Intuitive man-machine interaction is one of the main challenges towards a wider use of exoskeletons as assistive systems to reduce fatigue and alleviate the risk of injuries of workers during manual handling or overhead work. In this context reliable human grasp detection and classification is a basic but key component to estimate current state and context. While hand gesture recognition using surface electromyography (sEMG) has been addressed in a number of studies, there has been only little research regarding the detection and classification using sEMG of grasps relevant for worker support scenarios, which is the scope of the present study.
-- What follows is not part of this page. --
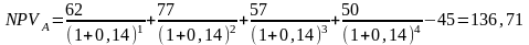 Таким образом, по убыванию показателя PI проекты упорядочены следующим образом: A, C, D, B.

Specifically, we investigated detection and classification of one-handed power grasps (relevant for tool manipulation) and two-handed grasps (typical while handling crates and boxes) using the instantaneous sEMG vector of the forearm muscles activity acquired using a consumer-grade wearable sensor bracelet. Detection and classification was performed by convolutional neural networks (CNN) trained using datasets including multiple grasps, positions, sessions and users. The accuracy of grasp detection and classification was evaluated in different scenarios with increasing level of signal variability, including sample cross-validation, inter-session scenario and inter-person scenario. We found that high accuracy of grasp detection can be achieved, even in the inter-person scenario. For one-handed grasps, reasonable accuracy of classification of the object manipulated by the user was possible in the inter-person scenario. For two-handed grasps, reasonable accuracy of grasp type classification was possible for some of the grasps even in the inter-person case. These results, achieved with a simple, low-profile acquisition device, show the potential of proposed approach in the context of worker support scenarios.